Additionally, Table 1 provides a more detailed statistical analysis of the changes in basic vital parameters recorded from the participants.
Table 1.
Basic vital parameters.
An examination of Table 1 reveals a consistent decrease in oxygen saturation (SpO2) from Class 1 (98.1%) to Class 4 (87.1%). This trend indicates a decline in respiratory efficiency and suggests progressively unstable oxygenation with increasing dependency levels. In contrast, pulse rate (PR) demonstrates a corresponding increase (79.8 → 118.3 bpm). This pattern suggests a tendency for heart rate to rise with higher levels of addiction. Similarly, a progressive decrease is observed in PR SDNN (36.4 → 20.1 ms), a measure of short-term pulse rate variability. This finding indicates reduced heart rate stability associated with increased dependency. Furthermore, a marked increase is seen in both respiratory rate period (RRp) and its coefficient of variation (CV%) (16.8 → 27.9 s; 16.8% → 31.1%). This suggests that higher addiction levels are associated with more irregular and rapid breathing patterns. The overall pattern indicates a transition from efficient, stable respiration toward inefficient, labored breathing characterized by increased respiratory effort.

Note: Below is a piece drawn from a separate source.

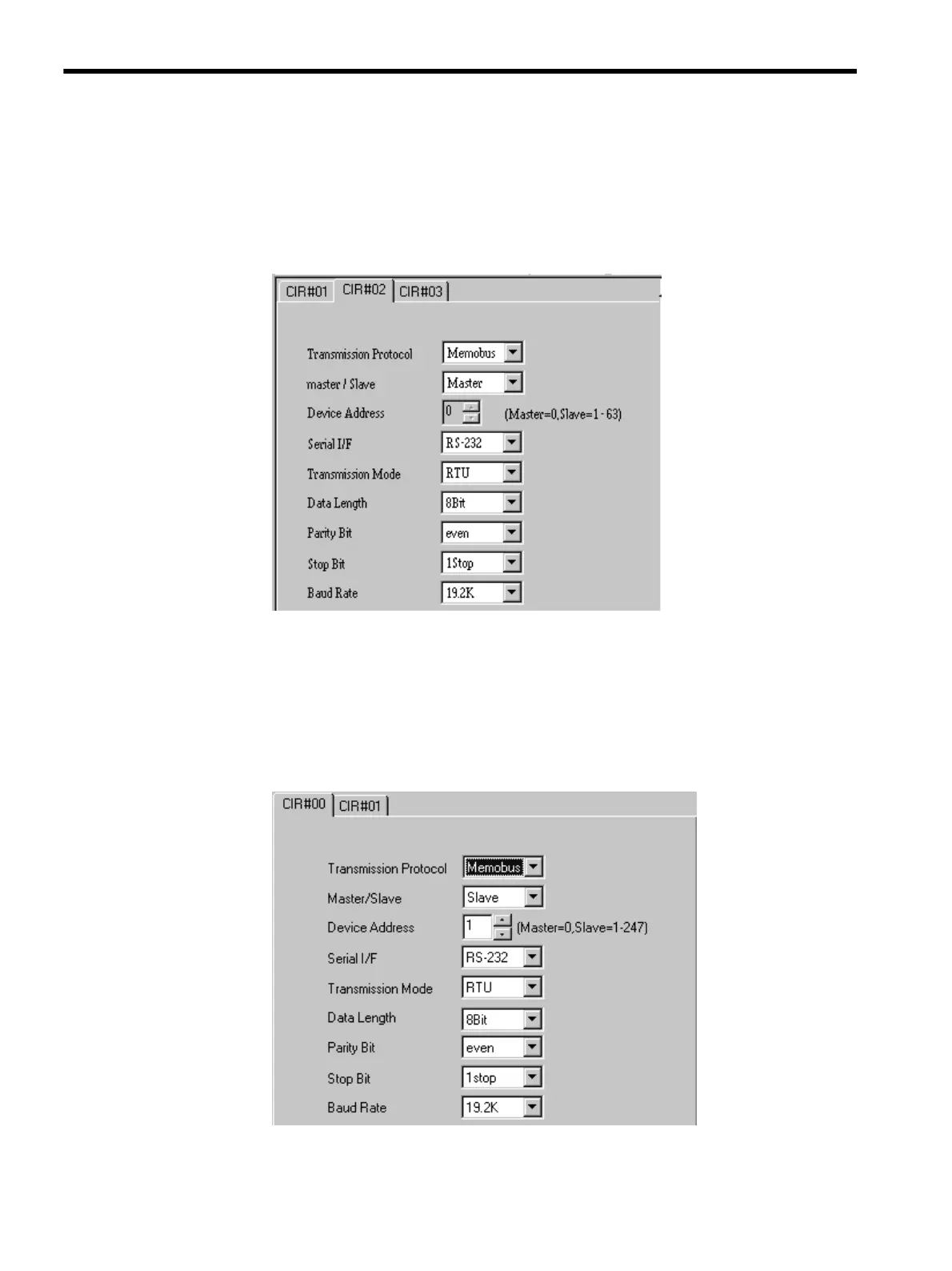 The following figure shows the Slave settings for the MP930 standard serial port (Port 1).
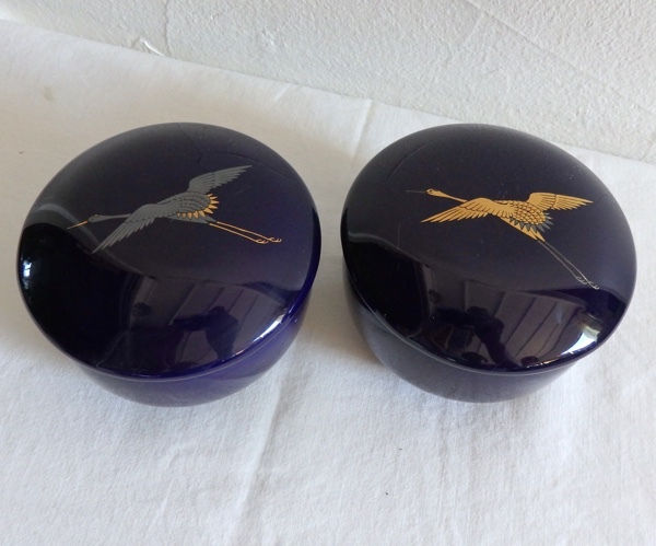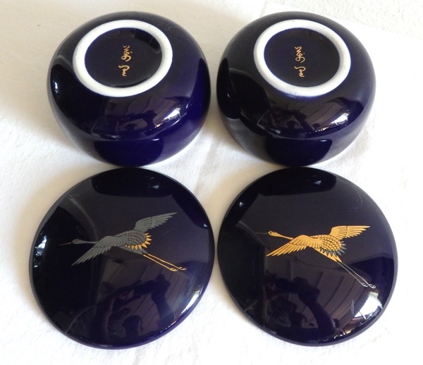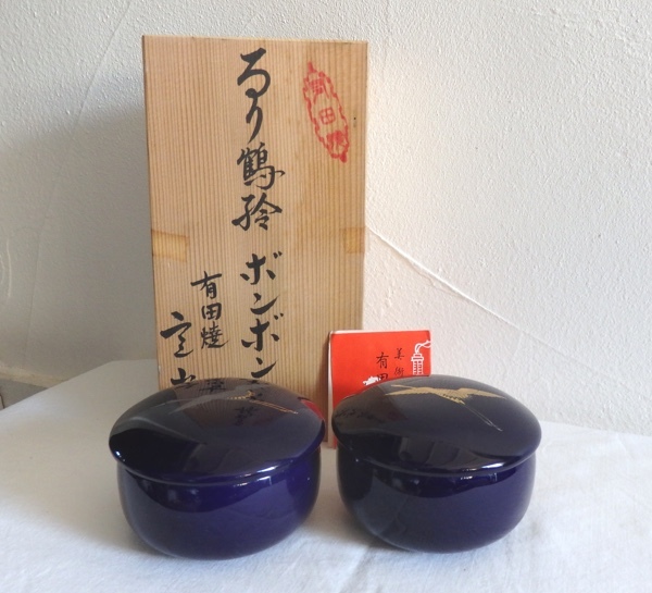 有田焼 宝山作 るり鶴 ボンボン入 蓋付 小鉢 小物入 ノベルティ 未使用品 共箱付です。

Table 2 displays the statistical variations in heart rate variability (HRV) analysis. The heart rate variability parameters show a gradual decline from Class 1 to Class 4. SDNN and RMSSD, which reflect overall and short-term HRV, respectively, demonstrate a steady decrease (SDNN: 35.8 → 19.3 ms; RMSSD: 30.2 → 13.1 ms). This pattern may indicate reduced autonomic adaptation and diminished parasympathetic activity in the higher dependency classes. The LF/HF ratio increased significantly (1.58 → 3.52), suggesting a shift in autonomic balance. Similarly, pNN50 and the HRV Index followed comparable declining trends, indicating a reduction in beat-to-beat variability. Overall, these results reveal a class-dependent decrease in HRV metrics, which can be interpreted as progressive autonomic imbalance and potential cardiovascular strain at higher levels of dependency.
Table 2.
Heart rate variability analysis.
Table 3 presents the analysis of respiratory dynamics, revealing a gradual shift toward rapid and unstable breathing patterns with increasing dependency levels. The respiratory rate demonstrates a marked increase from Class 1 to Class 4 (16.8 → 27.9 breaths/min). Furthermore, the respiratory rate coefficient of variation and breath interval standard deviation increased significantly (%16.8 → %31.1; 1.9 → 5.8 sec), indicating heightened respiratory irregularity. The Rapid Shallow Breathing Index (RSBI) shows a strong upward trend (37.3 → 85.8), potentially reflecting the onset of inefficient respiratory effort. Collectively, these results indicate that respiratory instability and a rapid, shallow breathing pattern are hallmark characteristics of higher dependency levels. When interpreted together, Table 1, Table 2 and Table 3 provide evidence that tobacco dependency is associated with a coordinated autonomic dysregulation, concurrently affecting both the cardiovascular and respiratory systems.
Table 3.
Respiratory dynamics.
2.2. Method
Participants were categorized into four distinct groups based on their scores from the Fagerström Test for Nicotine Dependence (FTND). The FTND, originally developed by Karl-Olov Fagerström in 1978 [] and updated in 1991 [], is a widely used instrument. It is a subjective assessment that evaluates nicotine dependence based on smoking habits and behavioral patterns, rather than definitive medical criteria. The test comprises six questions, with item-level scores ranging from 0 to 3 or 0 to 1. The total score ranges from 0 to 10, where a higher score indicates a greater degree of dependence. In this study, each participant completed the FTND. Based on their total scores, participants were classified as follows (see Figure 4):
Figure 4.
Evaluation and class scale.
The labeled dataset was classified with the help of machine learning algorithms, as shown in the methodology protocol given in Figure 5, and the classified outputs were evaluated by comparing with the FNTD results.
Figure 5.
The methodology protocol of study.
2.3. Principal Component Analysis (PCA)
Principal Component Analysis (PCA) is a method applied to reduce the size of a large dataset with multiple variables. After applying the PCA method, the calculated variables are expressed as the principal components of the first variables of the dataset. In the PCA method, as the dataset gets closer to the normal distribution, PCA reaches the best performance value [,,].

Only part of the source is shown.